- _Problem requirements_: Leave out every picture and set down, exactly, the lines below from the one holding "スニーカーからウォーキングシ" up to and including the one holding "Verknüpfung zu Mitgliedsnummer".

- _Data to examine_:

>>>

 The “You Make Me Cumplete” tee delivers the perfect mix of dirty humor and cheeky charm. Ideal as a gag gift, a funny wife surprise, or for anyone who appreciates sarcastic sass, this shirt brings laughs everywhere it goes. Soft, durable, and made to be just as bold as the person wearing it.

<<<
>>>

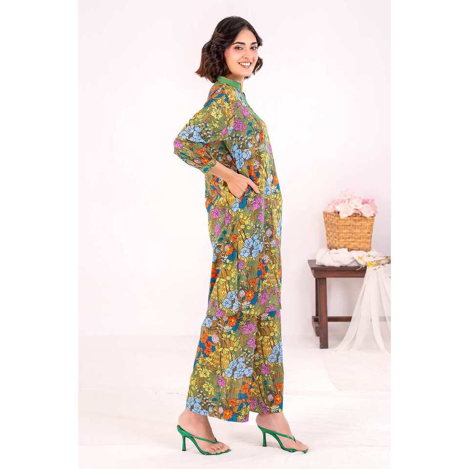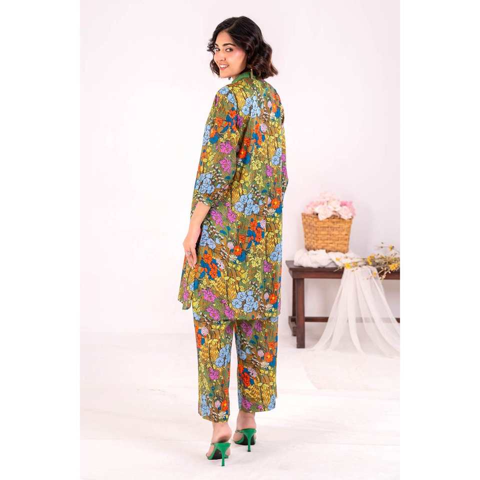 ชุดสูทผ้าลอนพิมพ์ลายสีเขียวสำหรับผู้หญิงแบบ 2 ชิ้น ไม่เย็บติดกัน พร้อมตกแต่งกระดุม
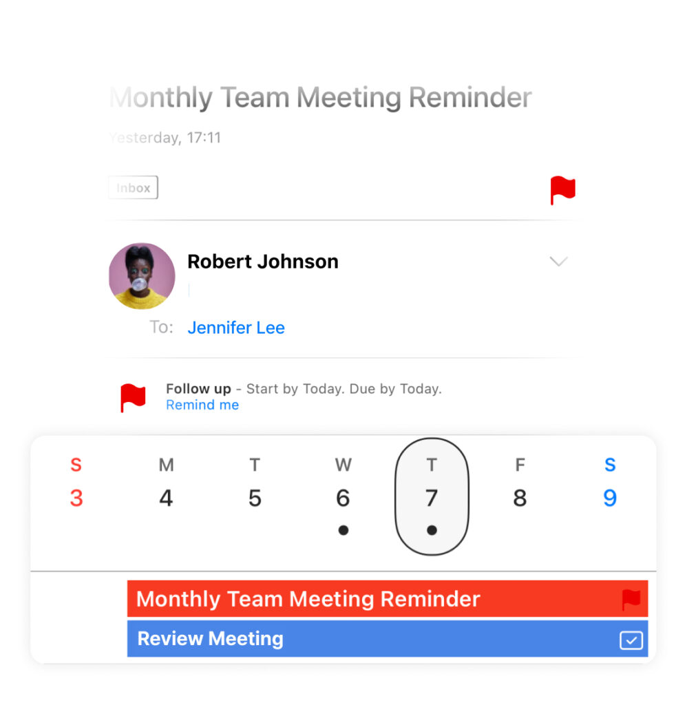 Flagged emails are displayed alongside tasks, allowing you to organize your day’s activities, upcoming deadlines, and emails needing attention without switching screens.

<<<
>>>

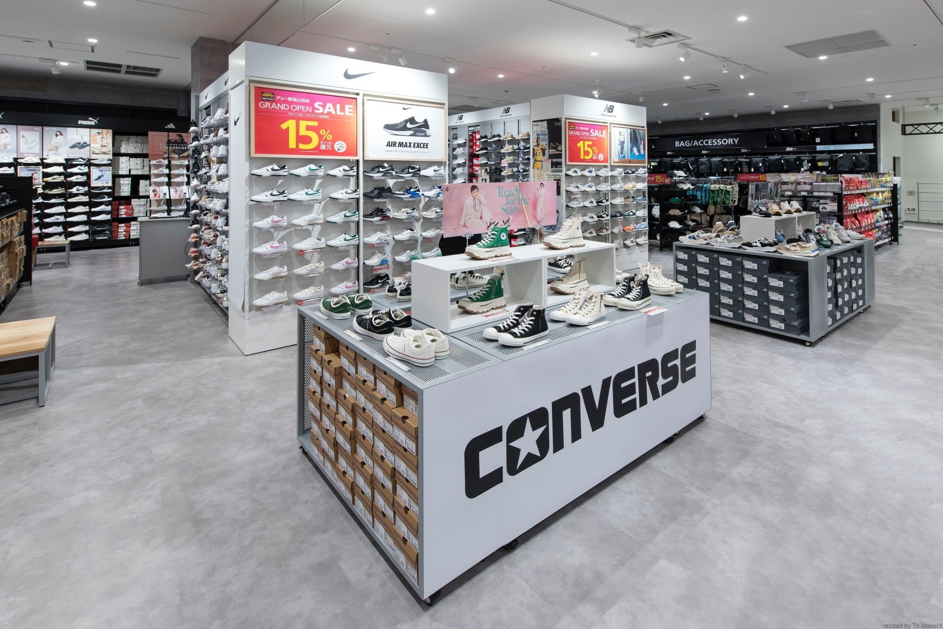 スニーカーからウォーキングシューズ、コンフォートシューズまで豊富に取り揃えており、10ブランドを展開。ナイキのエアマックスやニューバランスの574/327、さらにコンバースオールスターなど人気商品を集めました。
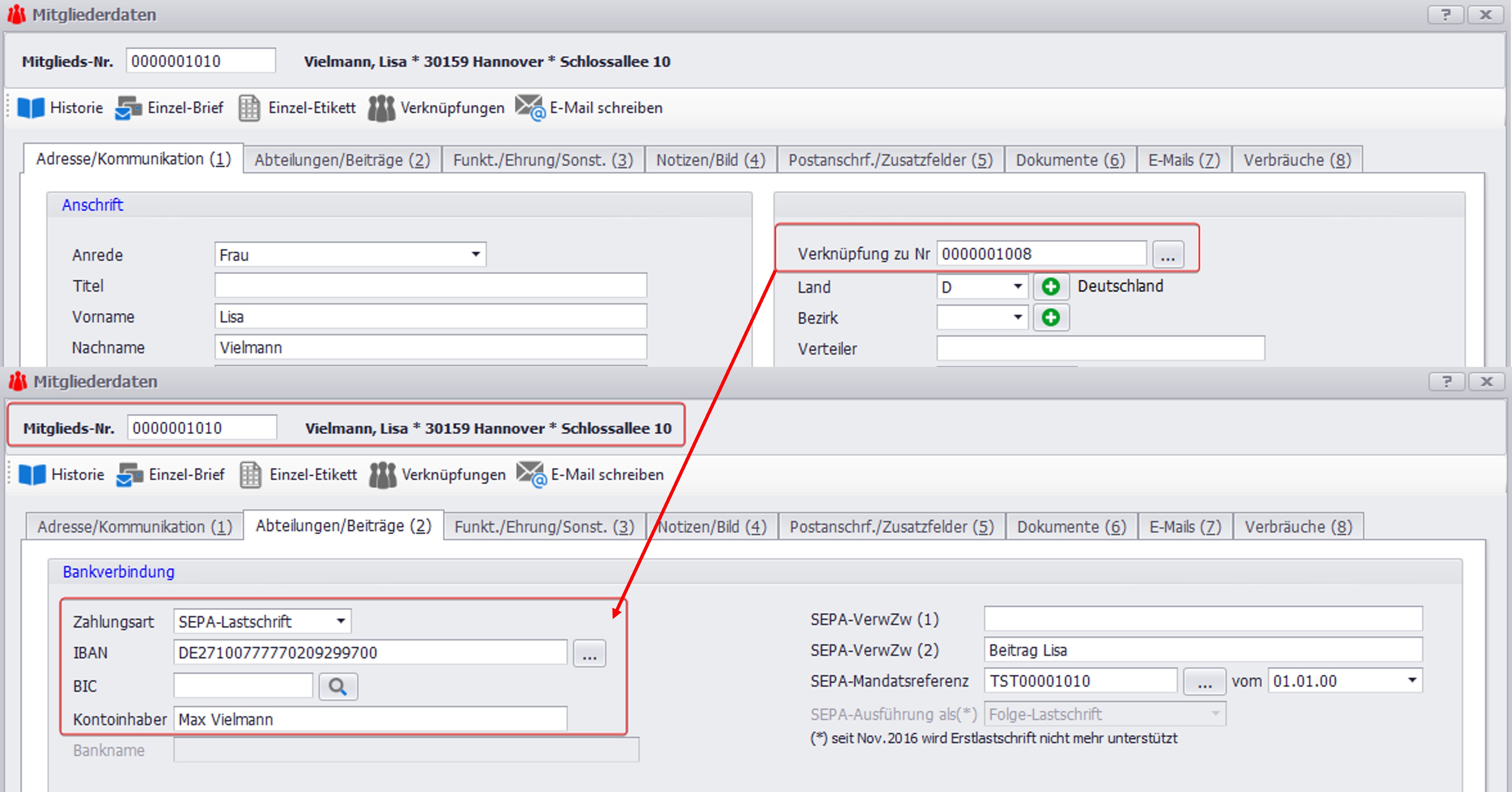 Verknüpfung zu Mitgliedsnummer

<<<

- _Reply_:
 スニーカーからウォーキングシューズ、コンフォートシューズまで豊富に取り揃えており、10ブランドを展開。ナイキのエアマックスやニューバランスの574/327、さらにコンバースオールスターなど人気商品を集めました。
 Verknüpfung zu Mitgliedsnummer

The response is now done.